Having multiple thread terms on a message document seems to be the
underlying cause of some confusing results from notmuch search.

The presence of these multiple thread terms is presumably an indexing
bug, related to multiple files with the same message-id.

The files here are synthesized from a reproducer for the problems in
id:1523007700.l8xm6nm6af.naveen at linux.ibm.com.
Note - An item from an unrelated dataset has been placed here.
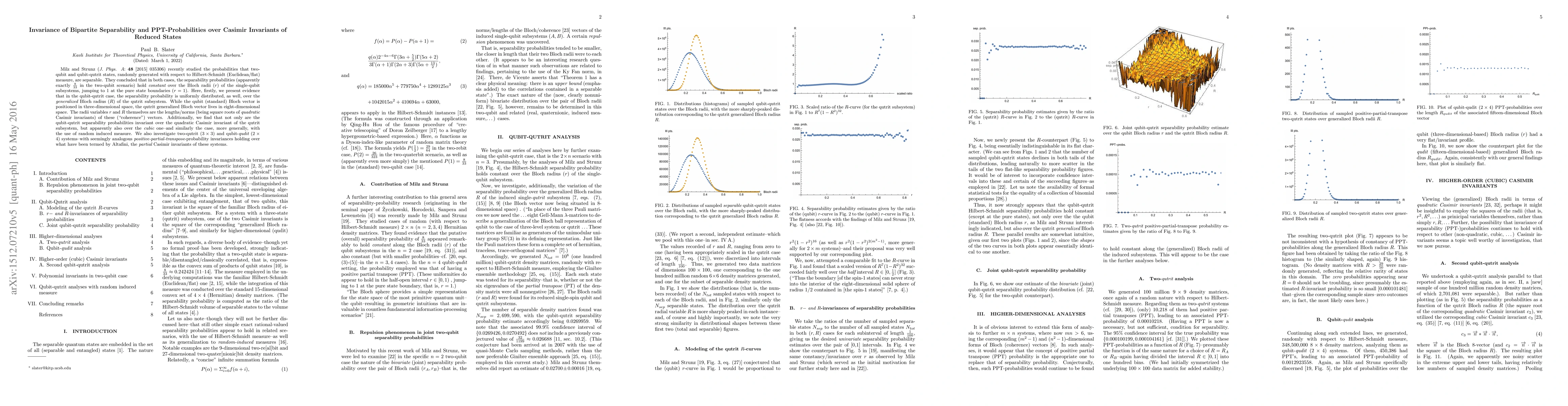 Milz and Strunz ({\it J. Phys. A}: {\bf{48}} [2015] 035306) recently studied the probabilities that two-qubit and qubit-qutrit states, randomly generated with respect to Hilbert-Schmidt (Euclidean/flat) measure, are separable. They concluded that in both cases, the separability probabilities (apparently exactly $\frac{8}{33}$ in the two-qubit scenario) hold {\it constant} over the Bloch radii ($r$) of the single-qubit subsystems, jumping to 1 at the pure state boundaries ($r=1$). Here, firstly, we present evidence that in the qubit-qutrit case, the separability probability is uniformly distributed, as well, over the {\it generalized} Bloch radius ($R$) of the qutrit subsystem. While the qubit (standard) Bloch vector is positioned in three-dimensional space, the qutrit generalized Bloch vector lives in eight-dimensional space. The radii variables $r$ and $R$ themselves are the lengths/norms (being square roots of {\it quadratic} Casimir invariants) of these ("coherence") vectors. Additionally, we find that not only are the qubit-qutrit separability probabilities invariant over the quadratic Casimir invariant of the qutrit subsystem, but apparently also over the {\it cubic} one--and similarly the case, more generally, with the use of random induced measure. We also investigate two-qutrit ($3 \times 3$) and qubit-{\it qudit} ($2 \times 4$) systems--with seemingly analogous {\it positive-partial-transpose}-probability invariances holding over what have been termed by Altafini, the {\it partial} Casimir invariants of these systems.

It isn't quite clear
this is the same issue (the symptoms using notmuch-search are a bit
different).
---
 test/.gitignore                         |  1 +
 test/Makefile.local                     |  7 ++++++-
 test/T720-database-schema.sh            | 17 +++++++++++++++++
 test/corpora/threading/mutant-ref/file1 |  9 +++++++++
 test/corpora/threading/mutant-ref/file2 |  9 +++++++++
 test/corpora/threading/mutant-ref/file3 |  9 +++++++++
 test/corpora/threading/mutant-ref/file4 |  7 +++++++
 test/corpora/threading/mutant-ref/file5 |  7 +++++++
 test/term-report.cc                     | 22 ++++++++++++++++++++++
 9 files changed, 87 insertions(+), 1 deletion(-)
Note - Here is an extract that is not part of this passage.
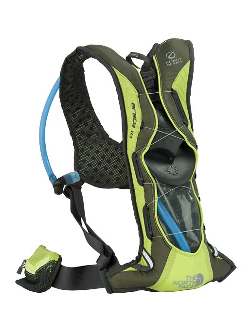 Vätskeblåsan rymmer 1,5 liter och den i övrigt mycket spartanskt utrustade ryggsäcken är utrustad med små borttagbara väskor på midjeremmen.

 create mode 100755 test/T720-database-schema.sh
 create mode 100644 test/corpora/threading/mutant-ref/file1
 create mode 100644 test/corpora/threading/mutant-ref/file2
 create mode 100644 test/corpora/threading/mutant-ref/file3
 create mode 100644 test/corpora/threading/mutant-ref/file4
 create mode 100644 test/corpora/threading/mutant-ref/file5
 create mode 100644 test/term-report.cc

diff --git a/test/.gitignore b/test/.gitignore
index 73fe7e24..71bbd7ed 100644
--- a/test/.gitignore
+++ b/test/.gitignore
@@ -8,4 +8,5 @@
 /make-db-version
 /test-results
 /ghost-report
+/term-report
 /tmp.*
diff --git a/test/Makefile.local b/test/Makefile.local
index 1cf09778..c39feace 100644
--- a/test/Makefile.local
+++ b/test/Makefile.local
@@ -44,6 +44,9 @@ $(dir)/make-db-version: $(dir)/make-db-version.o
 $(dir)/ghost-report: $(dir)/ghost-report.o
 	$(call quiet,CXX) $^ -o $@ $(LDFLAGS) $(XAPIAN_LDFLAGS)
 
+$(dir)/term-report: $(dir)/term-report.o
+	$(call quiet,CXX) $^ -o $@ $(LDFLAGS) $(XAPIAN_LDFLAGS)
+
 .PHONY: test check
 
 test_main_srcs=$(dir)/arg-test.c \
@@ -54,7 +57,9 @@ test_main_srcs=$(dir)/arg-test.c \
 	      $(dir)/symbol-test.cc \
 	      $(dir)/make-db-version.cc \
 	      $(dir)/ghost-report.cc \
-	      $(dir)/message-id-parse.c
+	      $(dir)/message-id-parse.c \
+	      $(dir)/term-report.cc
+
 
 test_srcs=$(test_main_srcs) $(dir)/database-test.c
 
diff --git a/test/T720-database-schema.sh b/test/T720-database-schema.sh
new file mode 100755
index 00000000..ddcd5cd1
--- /dev/null
+++ b/test/T720-database-schema.sh
@@ -0,0 +1,17 @@
+
+#!/usr/bin/env bash
+test_description="database schema in lib/database.cc"
+
+. $(dirname "$0")/test-lib.sh || exit 1
+
+add_email_corpus threading
+
+test_begin_subtest "every document has at most one thread term"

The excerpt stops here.